From: "Darrick J. Wong" <djwong@kernel.org>
To: Dave Chinner <david@fromorbit.com>
Cc: linux-xfs@vger.kernel.org
Subject: Re: [PATCH 4/5] xfs: log forces imply data device cache flushes
Date: Thu, 22 Jul 2021 16:13:46 -0700 [thread overview]
Message-ID: <20210722231346.GP559212@magnolia> (raw)
In-Reply-To: <20210722221258.GQ664593@dread.disaster.area>
On Fri, Jul 23, 2021 at 08:12:58AM +1000, Dave Chinner wrote:
> On Thu, Jul 22, 2021 at 12:30:18PM -0700, Darrick J. Wong wrote:
> > On Thu, Jul 22, 2021 at 11:53:34AM +1000, Dave Chinner wrote:
> > > From: Dave Chinner <dchinner@redhat.com>
> > >
> > > After fixing the tail_lsn vs cache flush race, generic/482 continued
> > > to fail in a similar way where cache flushes were missing before
> > > iclog FUA writes. Tracing of iclog state changes during the fsstress
> >
> > Heh. ;)
> ....
> > > + * xlog_cil_force_seq() call, but there are other writers still
> > > + * accessing it so it hasn't been pushed to disk yet. Like the
> > > + * ACTIVE case above, we need to make sure caches are flushed
> > > + * when this iclog is written.
> > > + */
> > > + iclog->ic_flags |= XLOG_ICL_NEED_FLUSH | XLOG_ICL_NEED_FUA;
> > > + if (log_flushed)
> > > + *log_flushed = 1;
> > > + break;
> > > + default:
> > > + /*
> > > + * The entire checkpoint was written by the CIL force and is on
> > > + * it's way to disk already. It will be stable when it
> >
> > s/it's/its/
> >
> > So now that we're at the end of this series, what are the rules for when
> > when issue cache flushes and FUA writes?
> >
> > - Writing the unmount record always flushes the data and log devices.

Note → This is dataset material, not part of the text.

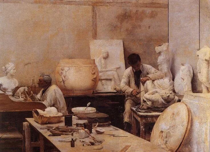 纵观西方绘画,人体应该是最重要的叙事载体,艺术家常用人体造型来表达叙事的观念。从16世纪以来传承几百年的学院教学模式就是围绕着训练艺术家对于人物造型的理解与驾驭,以及这些造型如何在历史、圣经题材创作中进行艺术叙事而展开的。人体也是丹坦众多作品中主要的描绘对象,但他对人体造型的运用和德拉罗什(Hippolyte-Paul Delaroche 1797-1859)或卡巴奈尔(Alexandre Cabanel,1823-1889)等学院派画家却有所不同。前者画面中的人体只是某一现实场景的真实再现,几乎没有寓意和象征,而后者常运用人体表达神话或宗教故事中的某种蕴意;前者画面不再注重人体的情节魅力,怎样安排人体姿态,组织人体在空间中的关系变得更为重要,而后者则构思如何用独特的人体造型来熨帖地表达主题;前者可以说是倾向于自然主义,而后者明显带有象征主义特点。譬如《真人翻模》(Un moulage sur nature)(1887)中的女人体就是典型的代表。此作品表达的是雕塑工作室中两个雕塑家正在翻模的瞬间,女人体婀娜的姿态轻松优雅,俨然像是古希腊的雕塑造型,但她却不是希腊神话中的某个女神,只是借用古希腊雕塑的人体造型来塑造真实生活中的女模特,她被描绘的栩栩如生,皙白的皮肤透着绯红色,和两个雕塑家构成了支撑整个画面的三角形。三个人物的视线共同汇聚在模特被翻模的前脚上,这里是画面的视觉中心,也是画题之处。这工作室场景想必还是他父亲的雕塑工作室,雕塑家应该是他的父亲和叔叔或助手,画家对这一切是那么的熟悉,以至于工作室中这些杂乱堆满的各种器具和雕塑,被他以自然主义的方式表达得如此微妙而丰富、细腻而真实,宛然是可以走进去的空间场所。

> > Does it need to flush the rt device too? I guess xfs_free_buftarg
> > does that.
>
> Correct. RT device behaviour is unchanged as it only contains data
> and data is already guaranteed to be on stable storage before we
> write the unmount record.
>
> > - Start an async flush of the data device when doing CIL push work so
> > that anything the AIL wrote to disk (and pushed the tail) is persisted
> > before we assign a tail to the log record that we write at the end?
> >
> > - If any other AIL work completes (and pushes the tail ahead) by the
> > time we actually write the log record, flush the data device a second
> > time?
>
> Yes.
>
> > - If a log checkpoint spans multiple iclogs, flush the *log* device
> > before writing the iclog with the commit record in it.
>
> Yes. And for internal logs we have the natural optimisation that
> these two cases are handled by same cache flush and so for large
> checkpoints on internal logs we don't see lot tail update races.
>
> > - Any time we write an iclog that commits a checkpoint, write that
> > record with FUA to ensure it's persisted.
>
> *nod*
>
> > - If we're forcing the log to disk as part of an integrity operation
> > (fsync, syncfs, etc.) then issue cache flushes for ... each? iclog
> > written to disk? And use FUA for that write too?
>
> This is where it gets messy, because log forces are not based around
> checkpoint completions. Hence we have no idea what is actually in
> the iclog we are flushing and so must treat them all as if they
> contain a commit record, close off a multi-iclog checkpoint, and
> might have raced with a log tail update. We don't know - and can't
> know from the iclog state - which conditions exist and so we have to
> assume that at least one of the above states exist for any ACTIVE or
> WANT_SYNC iclog we end flushing or up waiting on.
>
> If the iclog is already on it's way to disk, and it contains a
> commit record, then the cache flush requirements for
> metadata/journal ordering have already been met and we don't need to
> do anything other than wait. But if we have to flush the iclog or
> wait for a flush by a third party, we need to ensure that cache
> flushes occur so that the log force semantics are upheld.
>
> If the iclog doesn't contain a commit record (i.e. a log force in
> the middle of a new, racing checkpoint write) we don't actually care
> if the iclog contains flushes or not, because a crash immediately
> after the log force won't actually recover the checkpoint contained
> in that iclog. From the log force perspective, the iclog contains
> future changes, so we don't care about whether it can be recovered.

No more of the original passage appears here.